Acura NSX was born to be made into a brilliant race car.
Acura NSX and race-bred NSX GT3 Evo share more than 80-percent of their underlying component parts, reflecting the fact that racing was an essential part of the plan from the earliest stages of the NSX development.
Just how identical are the Acura NSX and NSX GT3? Watch and find out!
A new video from Acura explores the relationship between the Acura NSX supercar and its race-winning counterpart, the NSX GT3 Evo. Currently #1 in the IMSA GT Daytona (GTD) point standings, NSX GT3 Evo driver Trent Hindman of Meyer Shank Racing demonstrates the distinctive approaches to performance of the two cars in 0-60 runs, braking tests, ease- of-use evaluations and, of course, ultimate lap times at the Mid-Ohio Sports Car Course. The production NSX showcases its strengths as a supercar designed to run with the world’s best exotics, while the NSX GT3 Evo demonstrates its chops as a purpose-built, razor-sharp race machine. Hindman’s conclusion: the NSX was born to be made into a brilliant race car.

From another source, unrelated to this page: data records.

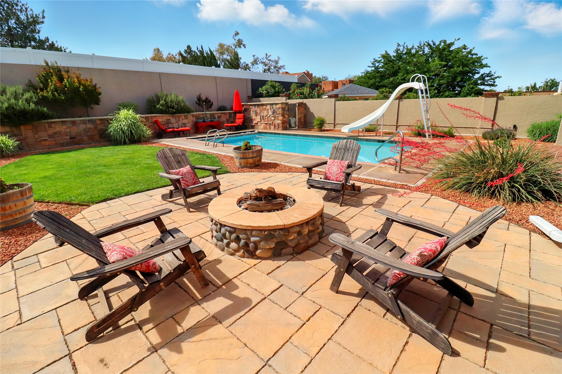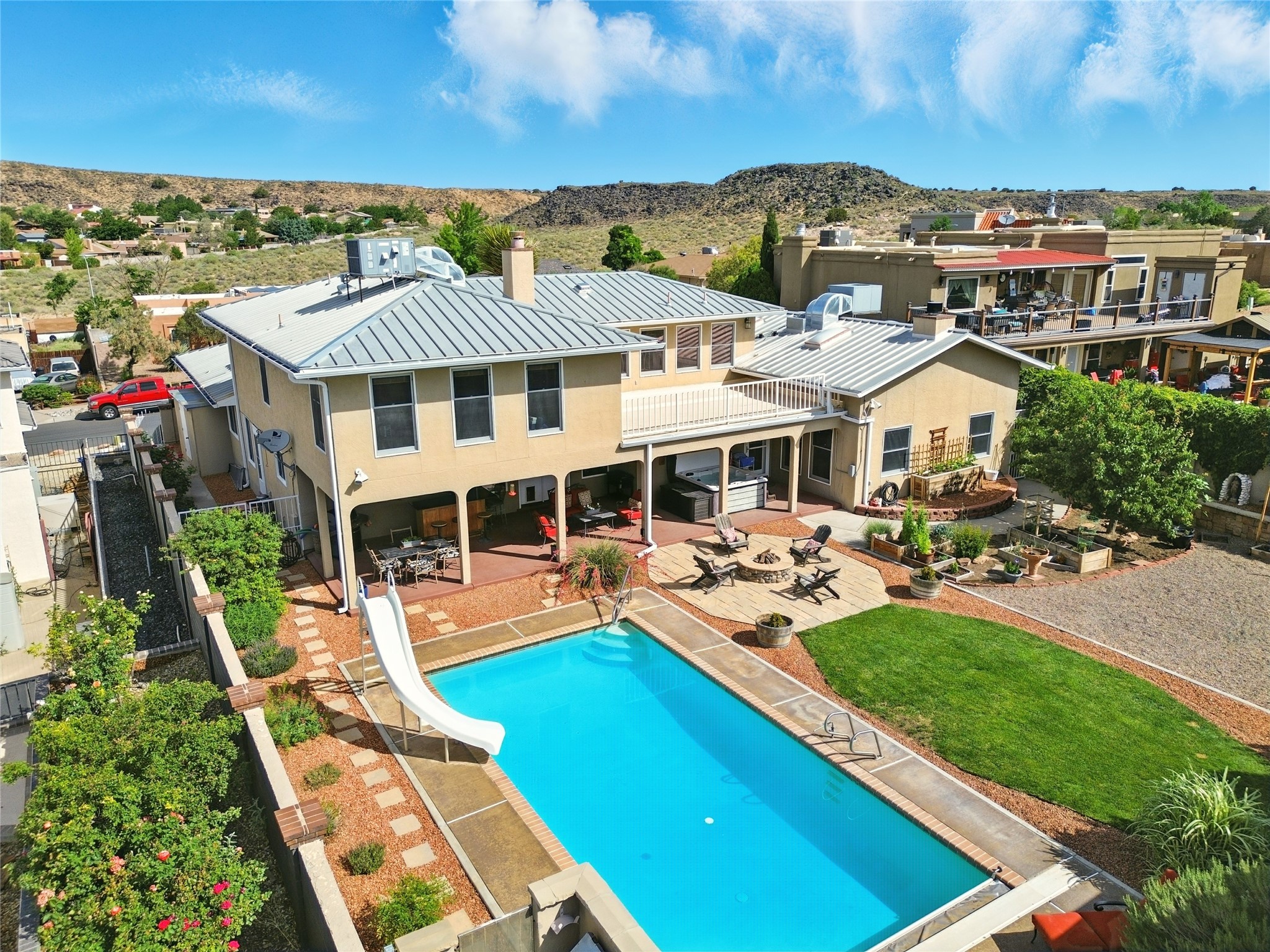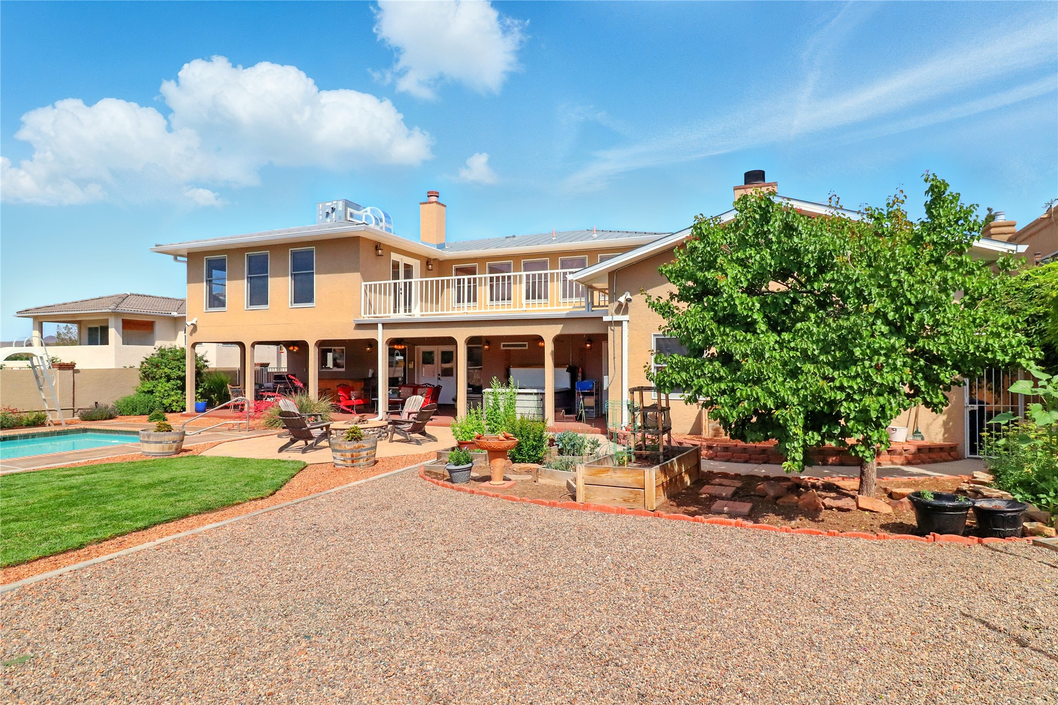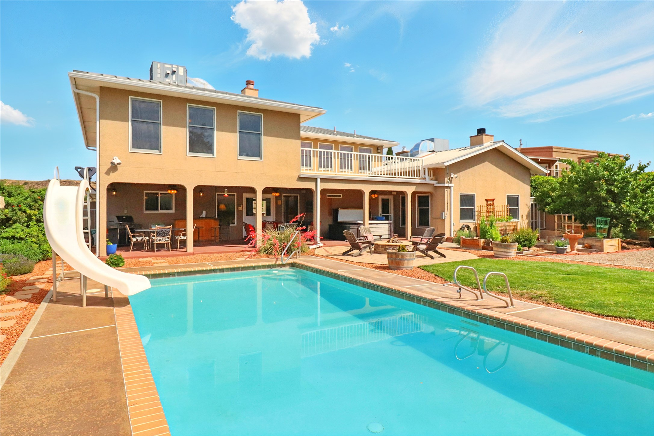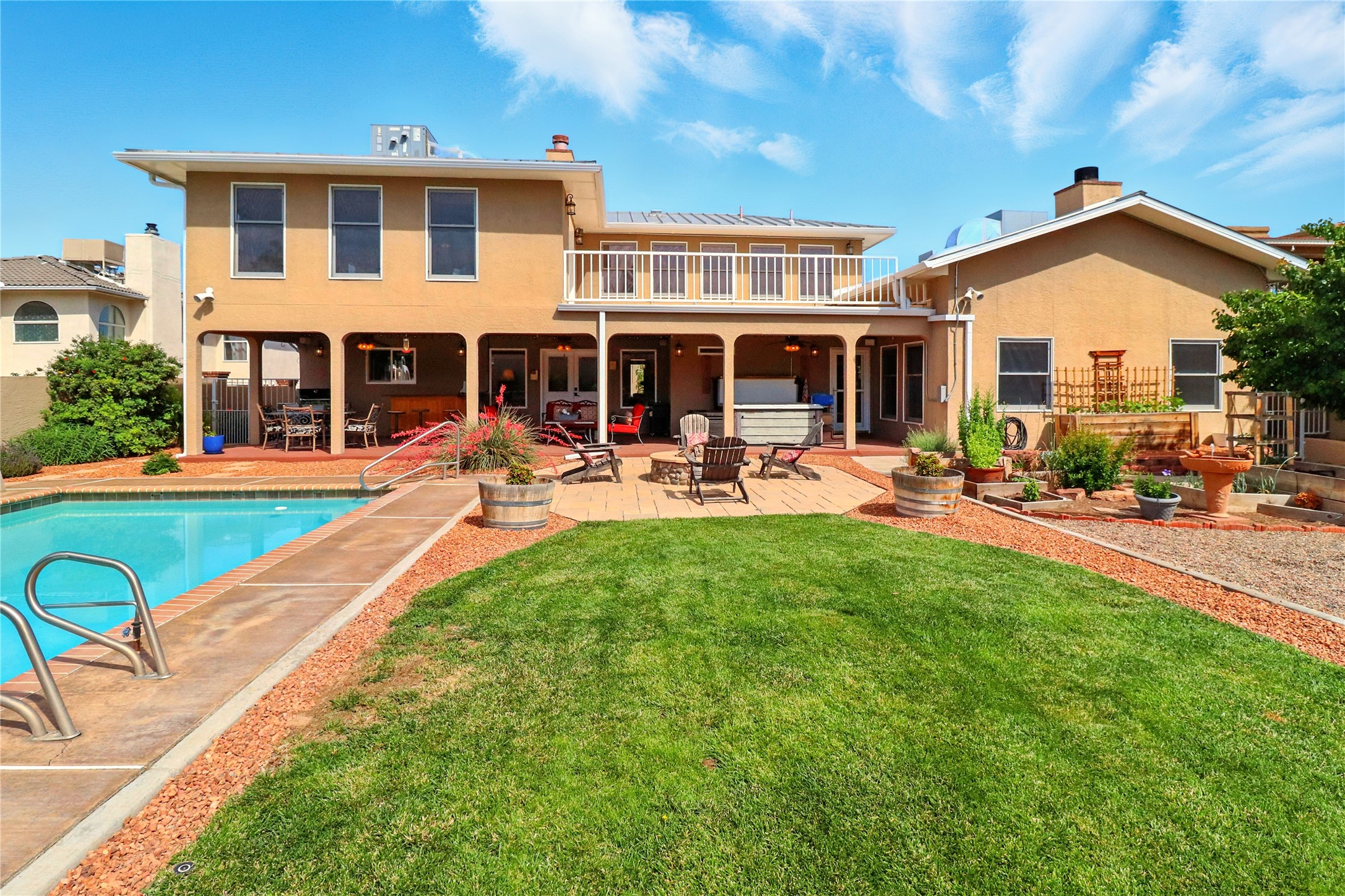 Nestled in the desirable Taylor Ranch community, this stunning 4-bedroom, 4-bathroom two-story home is an entertainer's dream! Through the welcoming entry courtyard, you enter into "La Sala Grande" with raised 12' newly painted ceilings, Venetian plaster walls, recessed lighting and a stone-covered wood burning fireplace. The lovely chef's kitchen contains stainless steel appliances, a double oven & separate island range, oak cabinets & granite countertops with ample space and storage. With both off-counter seating & a separate dining area you have plenty of space for family and guests. Up the wooden staircase, the second floor is a true private retreat. The landing space at the top of the staircase offers space for an office or workout area. Through the double wooden doors, you find the primary suite with its own stone fireplace, walk-in closet, balcony, jetted tub and oversized shower. Two bedrooms located downstairs contain ensuite bathrooms & the third guest bedroom has direct access to the beautifully landscaped backyard. An oasis of its own, the meticulously maintained backyard includes a covered portal, heated gunite pool w/electric safety cover, hot tub, fire pit, bar & speaker system for ultimate entertainment and enjoyment. Recent upkeeps include 3 newer refrigerated air units, sanded/refinished wooden doors throughout, newly painted ceilings & new TPO installed on patio roof off the primary suite with warranty. With lots of windows & skylights, tasteful wooden accents throughout, painted concrete outside, double-car garage with tons of storage space & a giant walk-in laundry room complete with cabinets, sink & counter space this magnificent home on an expansive lot is truly a must see. Experience peace, tranquility & the best of Albuquerque living in this exceptional, competitively priced home. Don't miss this incredible opportunity. Imagine the possibilities and schedule your private tour today!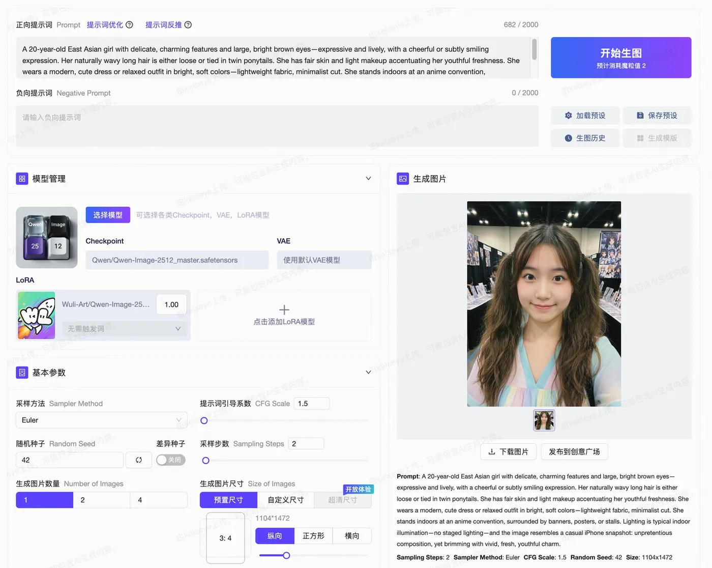 阿里智能引擎提出一个全新方案:针对 Qwen 最新开源模型,成功将 SOTA 压缩水平推进到了 2 步(Step)。 在保证极具竞争力的生成效果前提下,实现了 40 倍的惊人加速。用户等待 5 秒左右即可生成 4 张 2k 分辨率的图片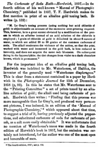 Invención del Sr. Waterhouse fue un baño de tonificación de oro alcalino, descrito en esta página de W. Jerome Harrison, The Chemistry of Photography, Nueva York: Scovill & Adams, 1892.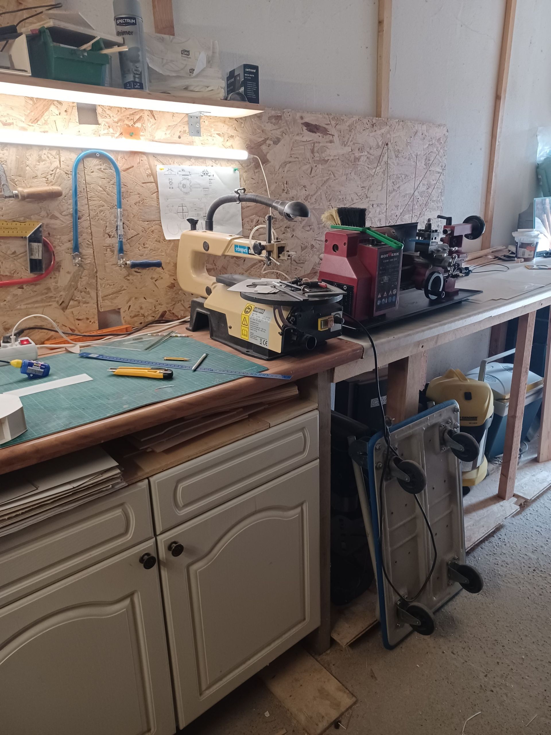 Der Rumpf wird noch nachgearbeitet, aber erst wenn die Elektronik drin ist. Meine ersten Versuche mit Polystyrol und Aluminium. Die Rohre sind konisch gedreht. Jetzt muss ich mal sehen wie ich die Rohre so fixiere das es nicht die Form von dem Turm verändert. Im Moment verarbeite ich PS in den ...
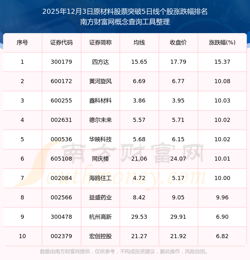 根据南方财富网概念查询工具数据统计,截止2025年12月3日收盘,原材料股票共有46只个股收盘价向上突破了5日线。其中涨幅较大的个股有四方达、黄河旋风、鑫科材料等,涨幅分别为15.37%、10.08%、10.03%。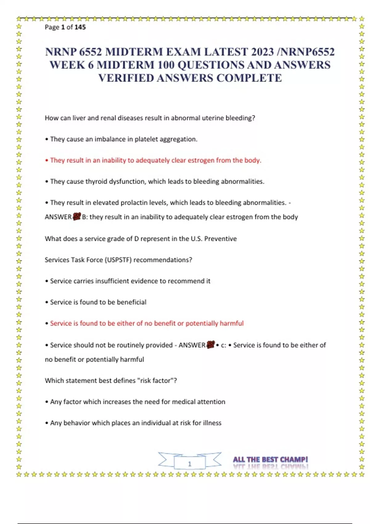 NRNP 6552 MIDTERM EXAM 2024 ACTUAL EXAM QUESTIONS AND CORRECT DETAILED ANSWERS (ALREADY GRADED A+)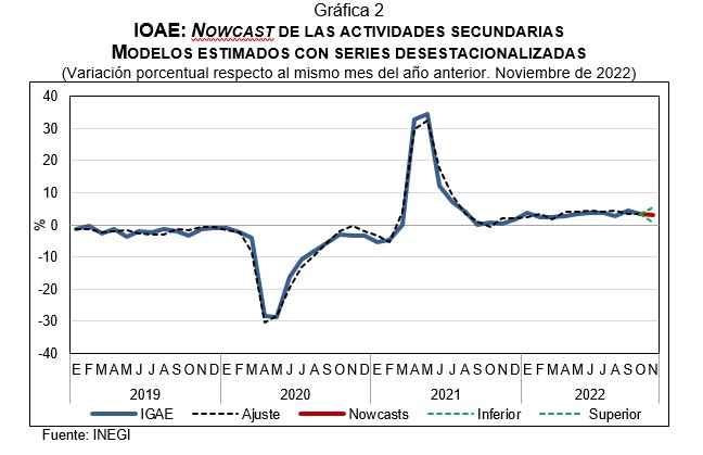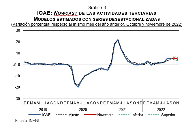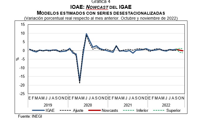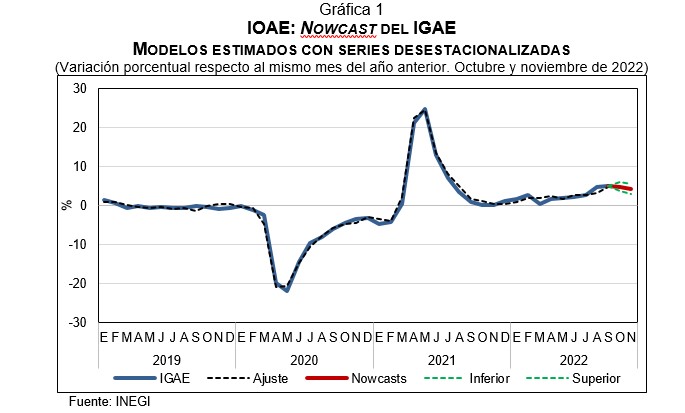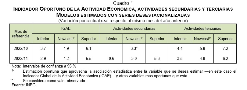 Para noviembre de 2022, el IOAE estima una variación de 4.2 % a tasa anual del IGAE. Las estimaciones realizadas presentan sus respectivos intervalos de confianza a 95 % para los meses de octubre y noviembre de 2022. En el mes de referencia y para los grandes sectores de actividad del IGAE, se calcula un incremento anual de 3 % en las actividades secundarias y de 4.8 % en las terciarias. Las estimaciones se refieren a cifras desestacionalizadas.

“We knew from the outset that the second generation NSX would be tested at the highest limits on track,” said Ted Klaus, who served as global development leader for the second generation NSX and was recently named president of Honda Performance Development, the North American race engineering arm of Acura Motorsports. “Competitive racing was an essential consideration during NSX development, which influenced critical decisions we made regarding the car’s fundamental design.”
A next-generation supercar is worthy of a next-generation powertrain.
The NSX road car combines a bespoke 3.5-liter twin-turbo V6 and world’s only 9-speed dual clutch transmission (DCT) with a three motor Sport Hybrid SH-AWD system, working in concert to produce 5732 horsepower and 476 lb-ft of torque.
Unlike other hybrid supercars, not only is electric power used to fill the “torque well” of a turbocharged engine, the NSX’s front-mounted Twin Motor Unit (TMU) is capable of delivering both positive and negative torque independently to the front wheels. In this respect, the production NSX stands alone in the universe of supercars past and present: the only exotic using electric motors to enhance every element of dynamic performance – acceleration, braking and cornering.
Since its debut in early 2017, the NSX GT3 and GT3 Evo have tackled some of the world’s most iconic GT races, including the 24 Hours of Daytona and Spa; the 12 Hours of Sebring; Petit Le Mans; and the FIA GT World Cup in Macau. Currently, the NSX GT3 Evos campaigned by Meyer Shank Racing in the IMSA WeatherTech Sports Car Championship lead the
points for both Manufacturers’ and Drivers’ Championships in the GTD class. In the Blancpain GT World Challenge America series, the NSX GT3 Evo has earned six pro-am wins with three different teams (3-Racers Edge, 2-RealTime Racing, 1-Gradient Racing).
Around the world, the NSX GT3 Evo driven by Autobacs Racing Team (ARTA) leads the GT300 class in the Japanese Super GT series with two podium finishes. Additionally, the NSX GT3 Evo has competed in the Blancpain GT Series Asia, China GT Championship, select events in the Intercontinental GT Challenge, the Blancpain GT Sports Club and GT Series in Europe, and the ADAC GT Masters in Germany.